Another challenge DAOs will face as they transition to the mainstream is regulation. Laws on incorporation and tax structuring are ambiguous and often outdated, leaving it up to the DAOs to do their interpretation to fill in the gaps.
It should also be noted that decentralization is spectrum and not binary. Although DAO governance tokens allow users to participate in decentralized governance, most projects still operate with a degree of centralization.
Related: Decentralization versus centralization: where does the future lie? Experts answer
Finally, decentralized governance is difficult, especially on a large scale. It is a big challenge with multiple hurdles that have plagued blockchain developers since the early days. How do you keep voters engaged once the community gets big enough and votes need to be held more and more frequently?

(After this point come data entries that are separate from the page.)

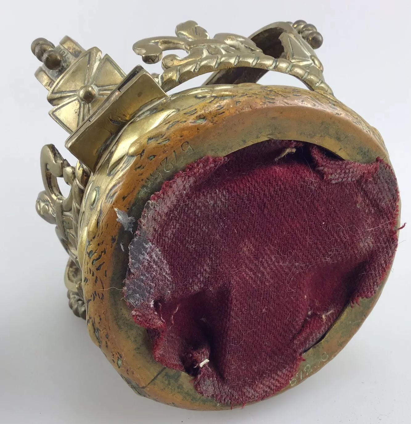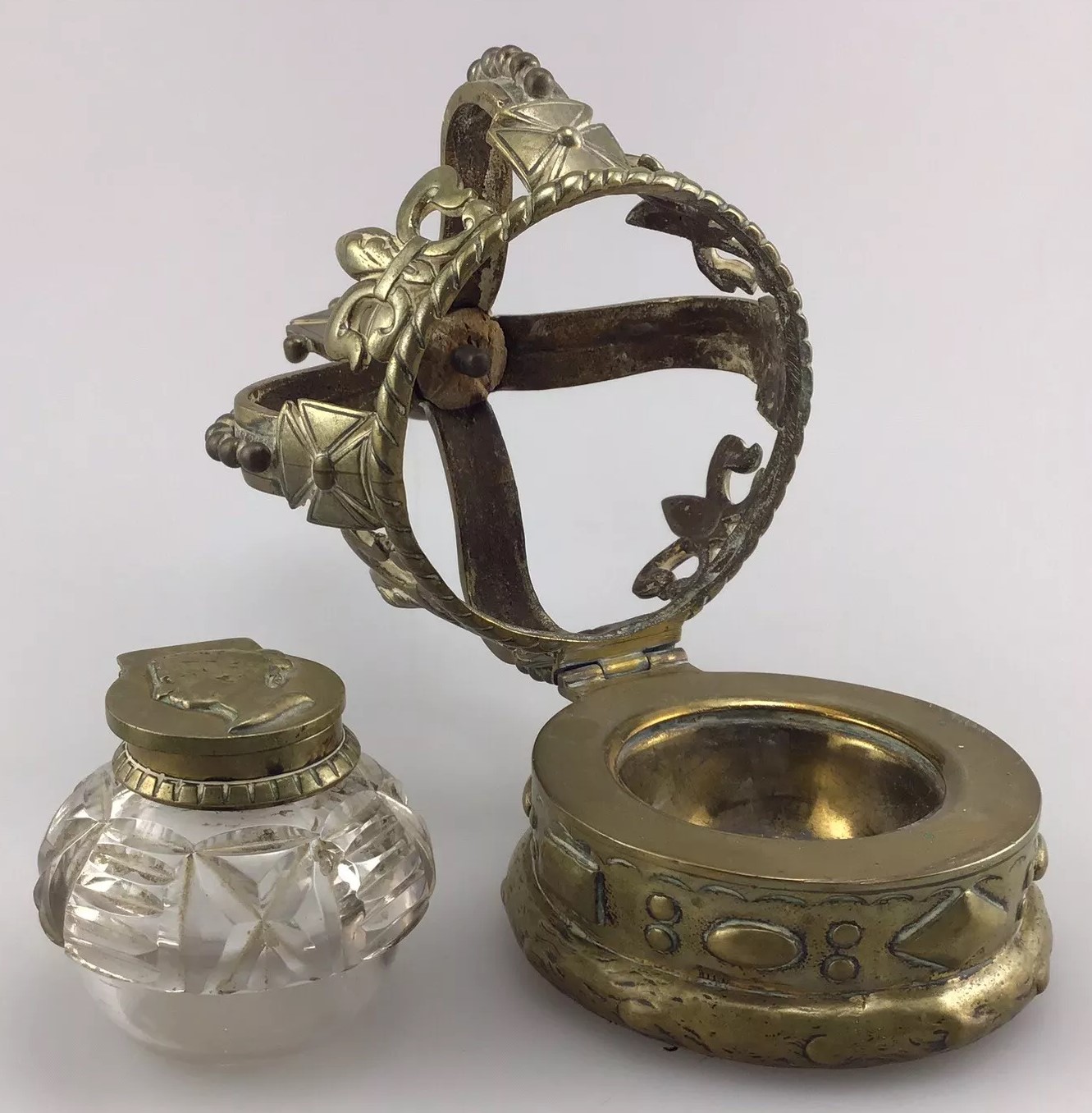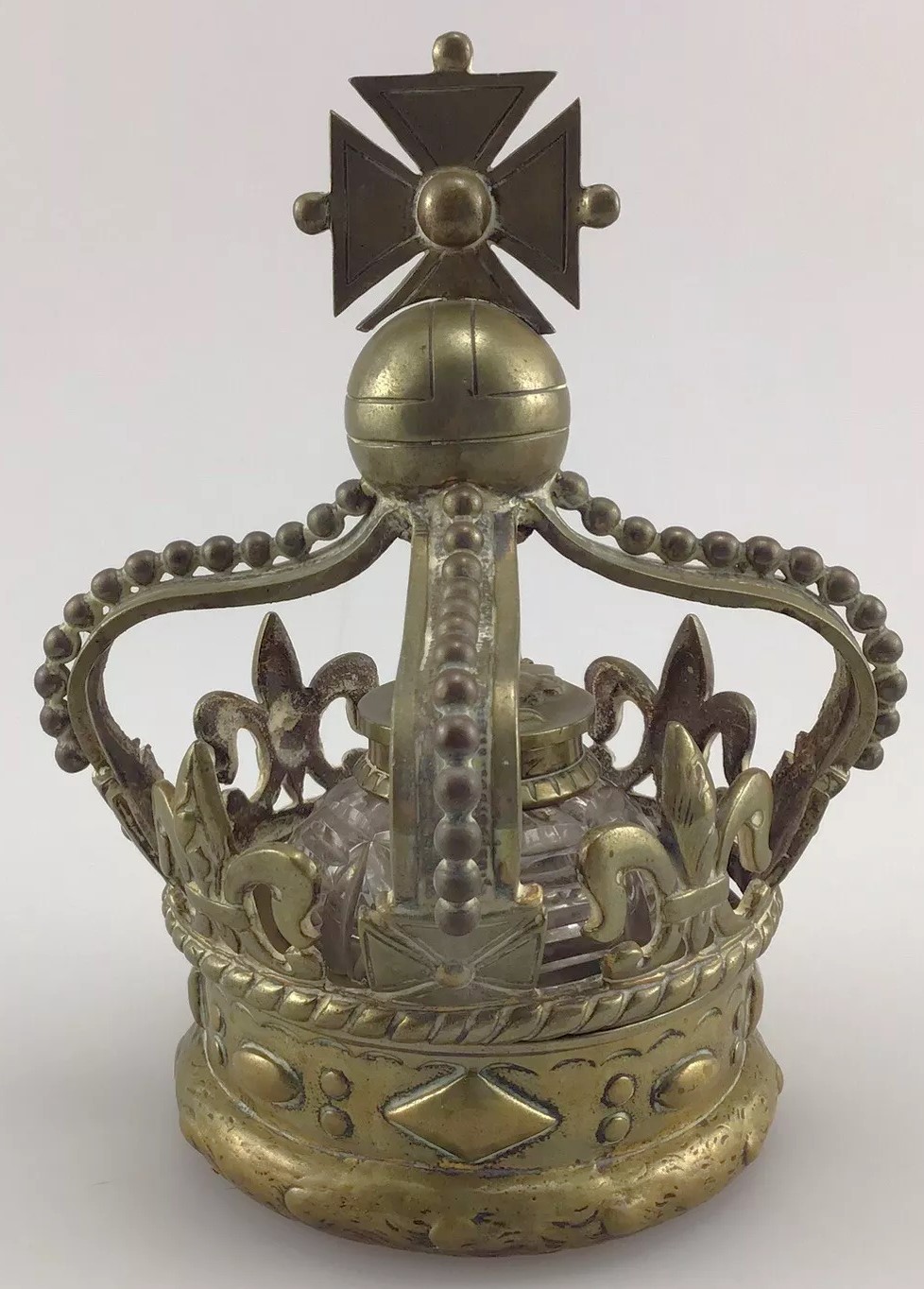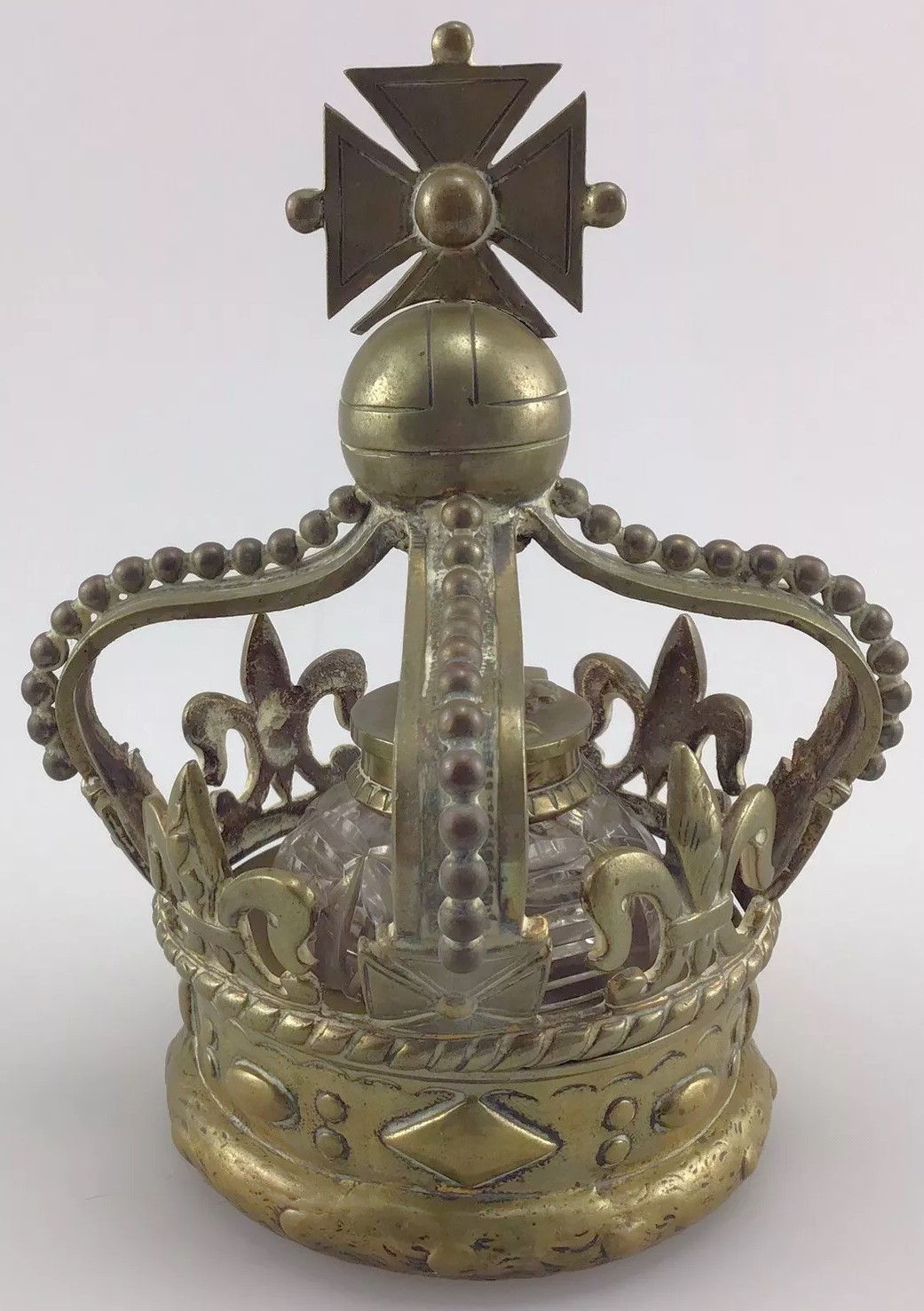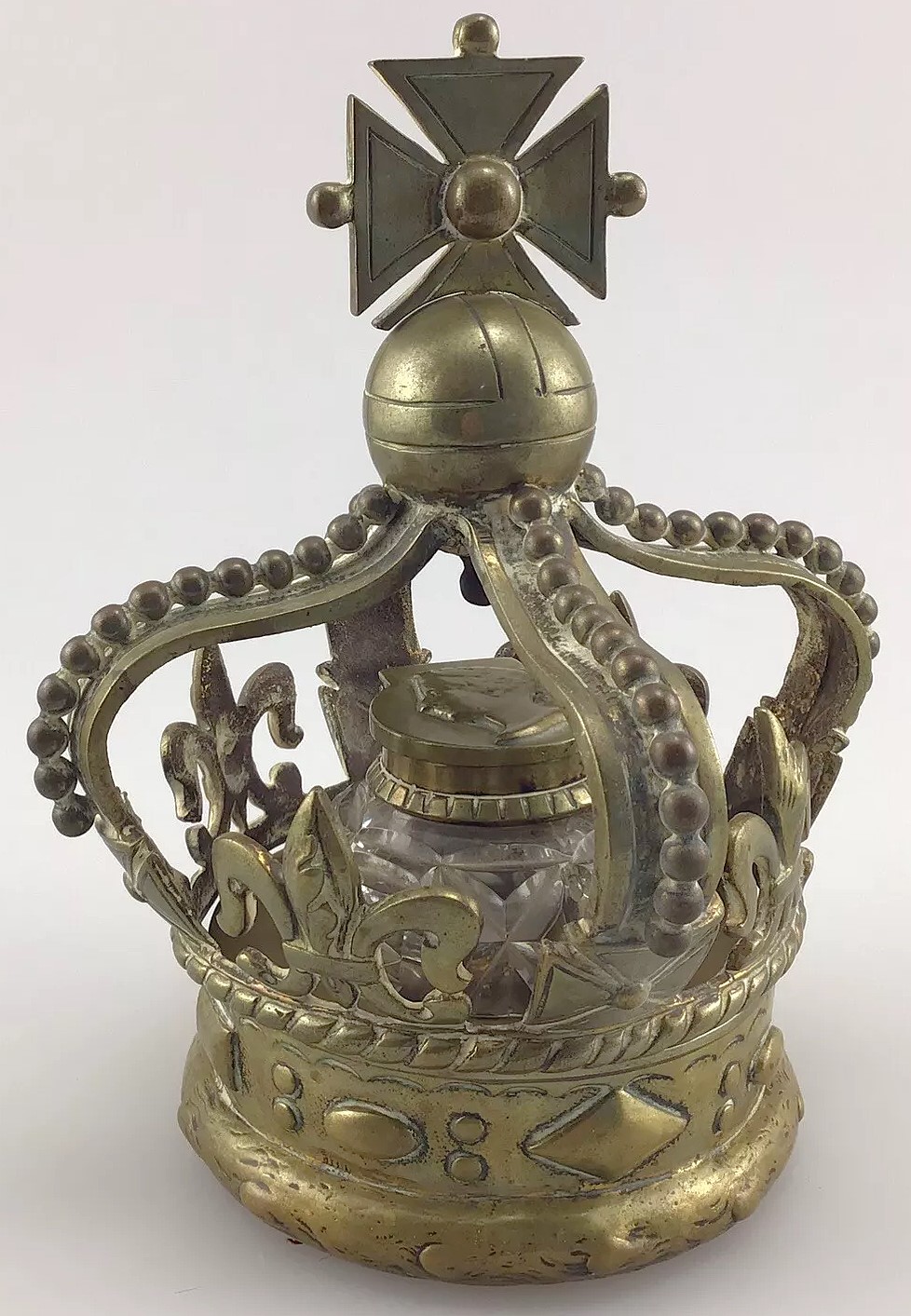 This inkwell is designed in the form of a crown, commemorating Queen Victoria. The crown features several symbolic elements:
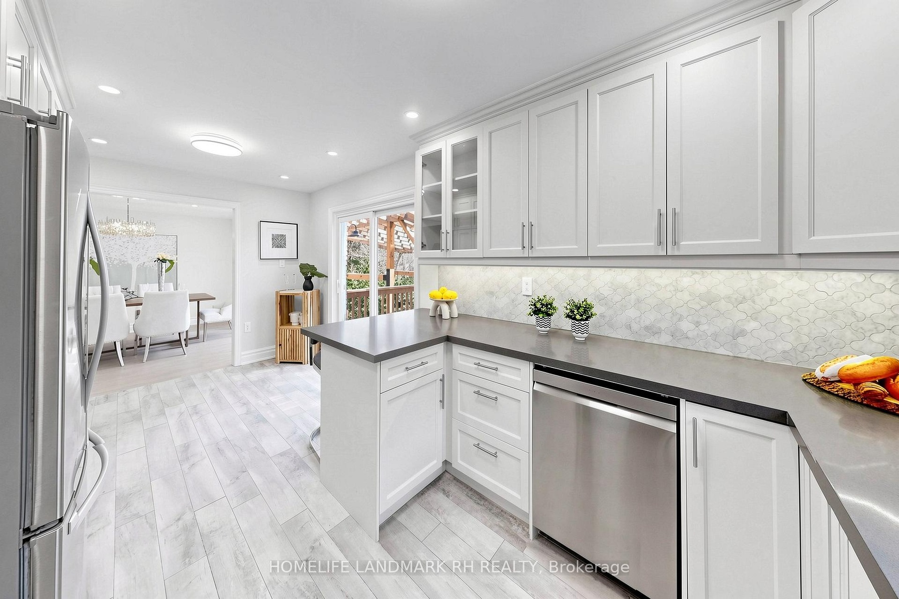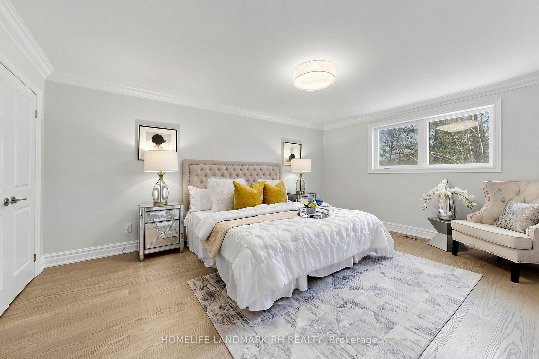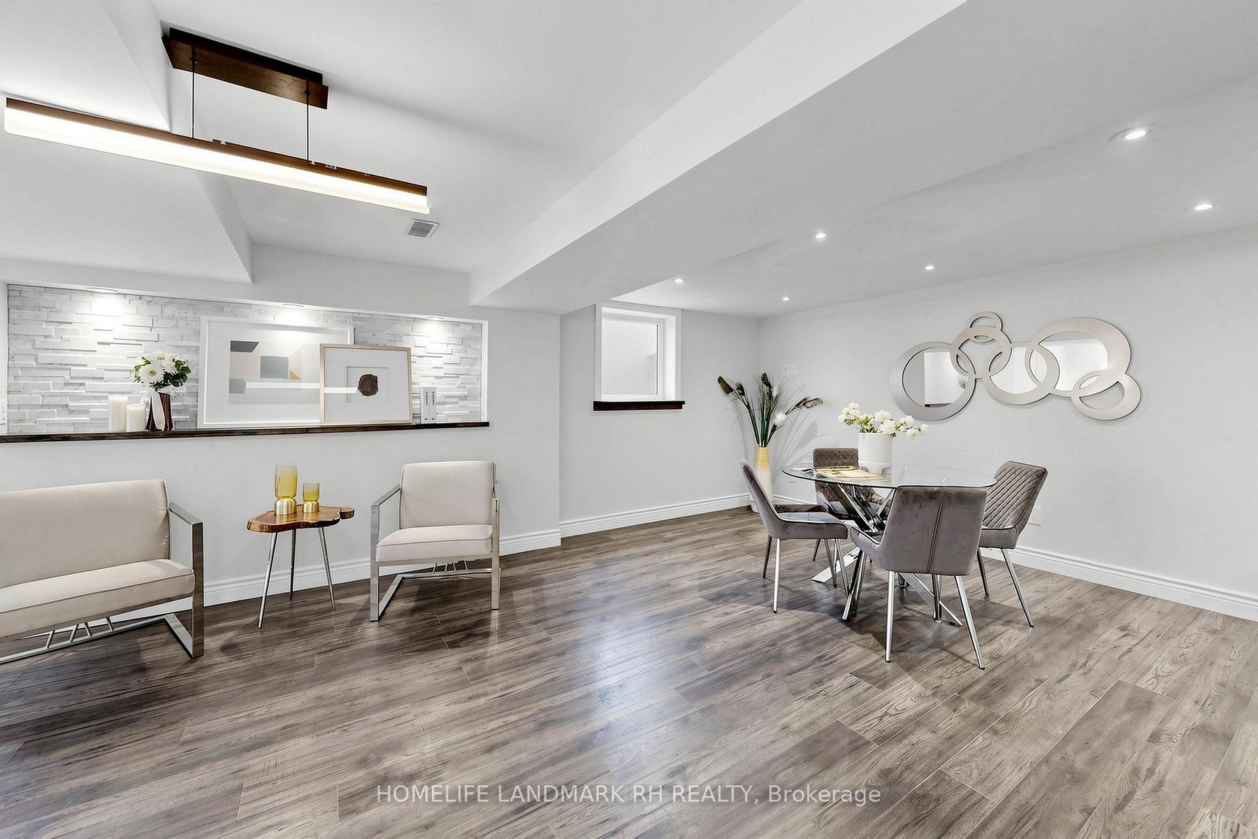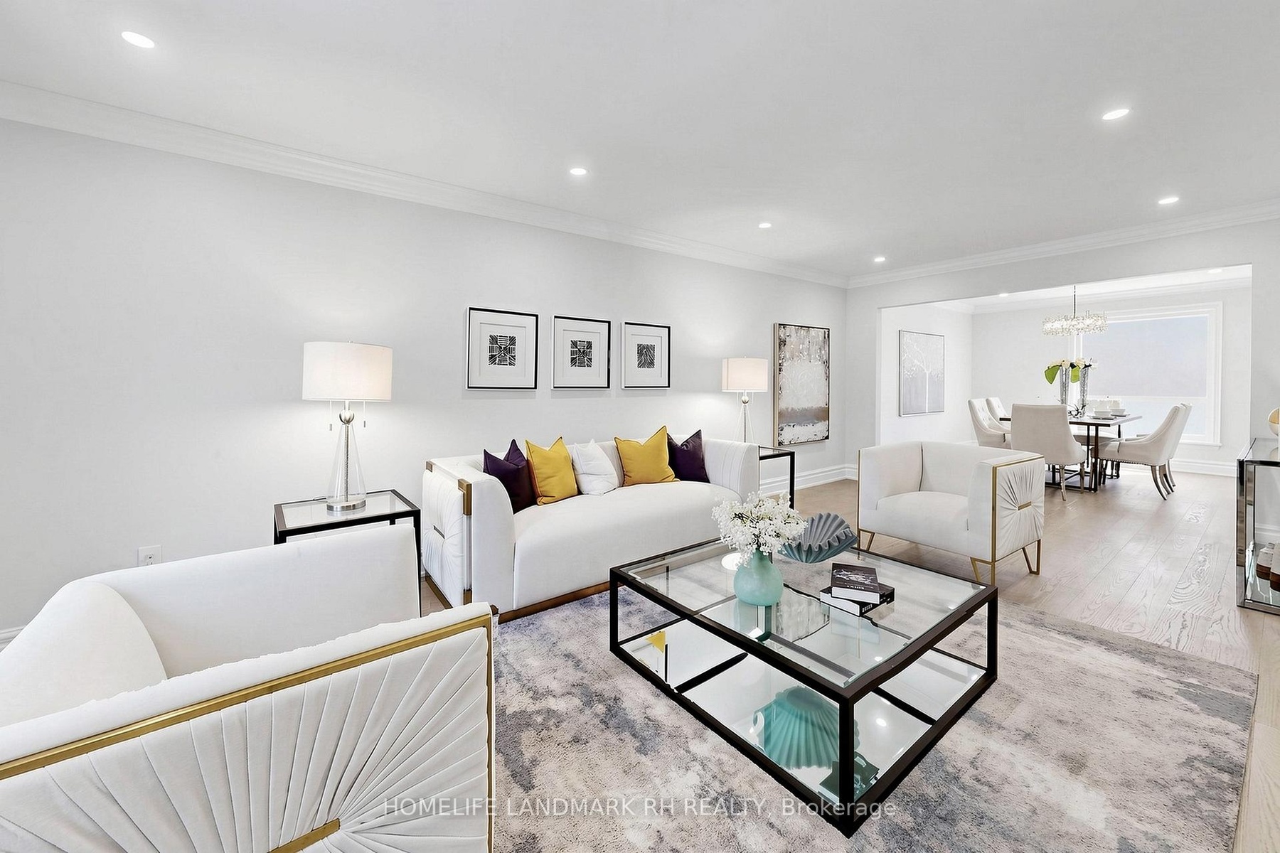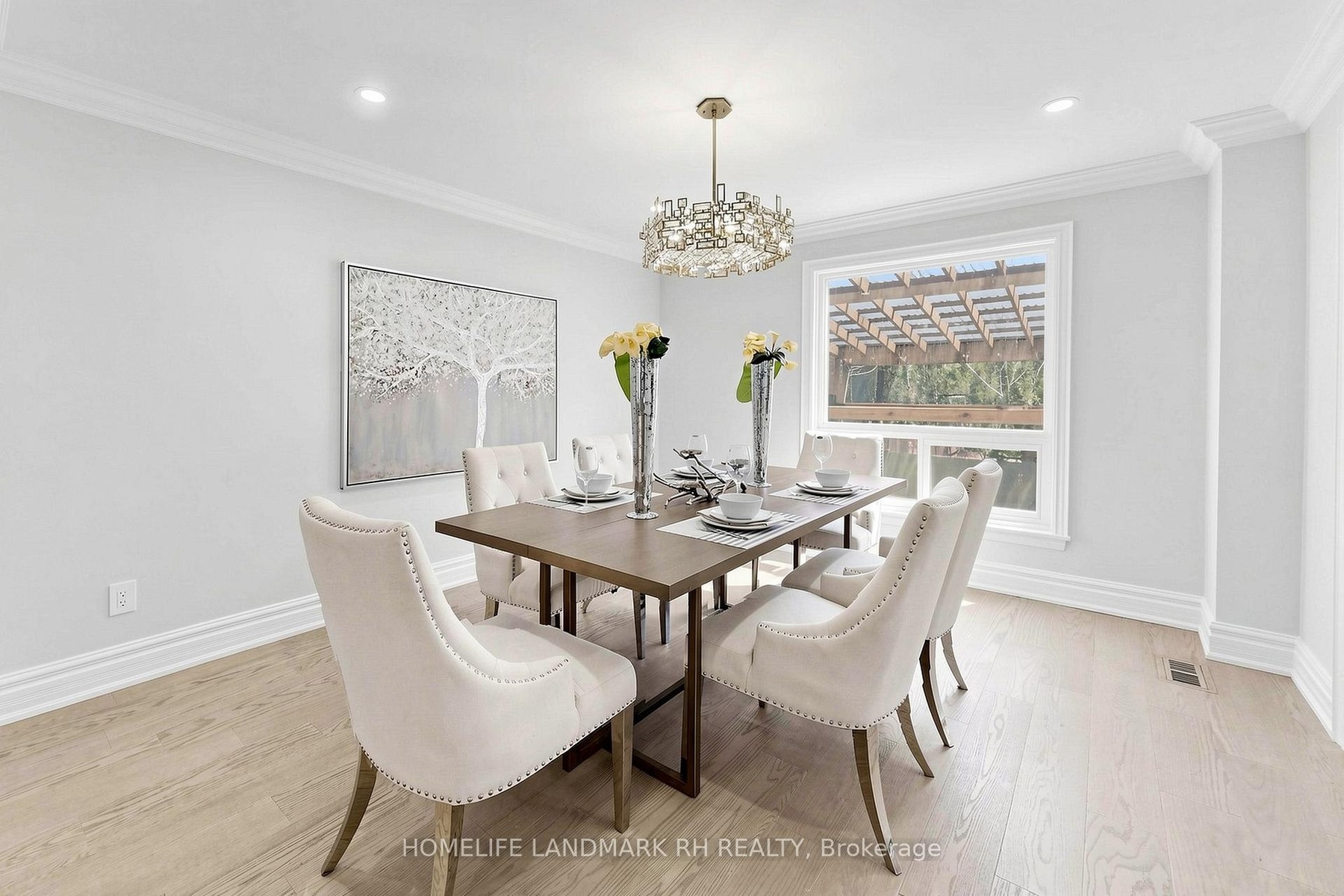 Gorgeous Detached Home w/ Double Car Garage in child safe Cul-De-Sac. Premium 60 Ft x 125 Ft Pie shaped Lot w/80 Ft rear. Over 3500 S.F. living space including Fin. Walk-Out Basement . $$$ Upgrades: Hardwood Flooring & Pot Lights throughout. Large Living / Dining with Crown Moulding. Beautiful Floating Staircase w/Glass Railing. Gourmet Kitchen w/ Granite Countertop & Breakfast Bar, Backsplash, Valance Lighting & Pantry. Large Primary Bdrm w/4 Pcs Ensuite and His & Hers Closets. Separate Entrance W/O Basement Apartment w/2 bedrooms, Rec, Sitting, Dining & Study, the 2nd Kitchen and the 2nd Laundry. Large Private South Facing backyard w/huge Deck w/Built-In Pergolas. Double Car Garage w/Built-In organizers & Epoxy Flooring. Long Driveway can park 6 cars. Close to Public Transit, Park, Schools & trails. Mins to Shopping Plaza, Golf, supermarkets and shopping. Close to Hwy 407 & 404. ** High Ranking Thornhill Secondary School.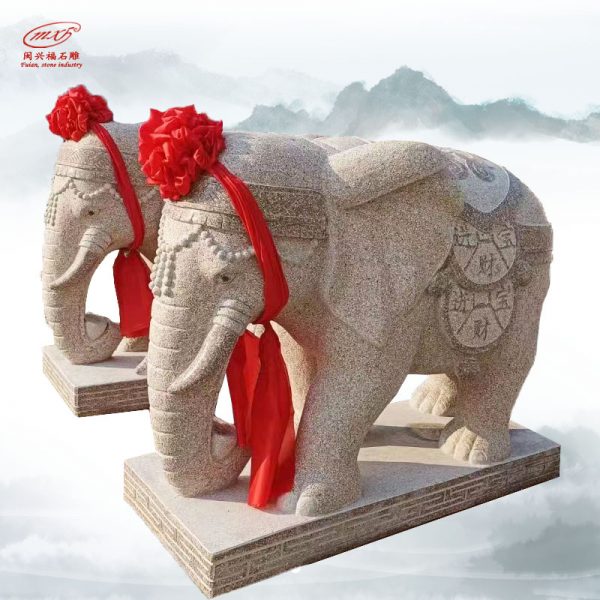 花岗岩石象芝麻红动物大象石雕 酒店别墅门口庭院动物雕塑摆件MXFSD-DW2435

How do you prevent wealthy whales from buying their way to power by picking up a majority of chips? To what extent should the code have the force of law, and shouldn’t there be safeguards in place in case a malicious entity manages to wrest majority control? If so, who controls the security?
There are no easy answers to these questions, but now that crypto, NFTs, and DeFi have found a foothold in mainstream consciousness, it seems natural that DAOs follow. Also, as they become more common, it should become easier to identify simpler ways in which communities can decentralize governance.
This article does not contain investment advice or recommendations. Every investment and trading move involves risk, and readers should conduct their own research when making a decision.
The views, thoughts and opinions expressed herein are those of the author alone and do not necessarily reflect or represent the views and opinions of Cointelegraph.
Hannes Graah is the former VP of Growth at Revolut and founder of the Gro stablecoin production protocol. He also spent eight years at Spotify scaling the company’s operations and various mid-stream growth projects, then launching new regions through to the IPO. Founder of startups four times, he is also an investor and advisor in more than 10 companies as well as a growth strategist for more than 30 brands and companies.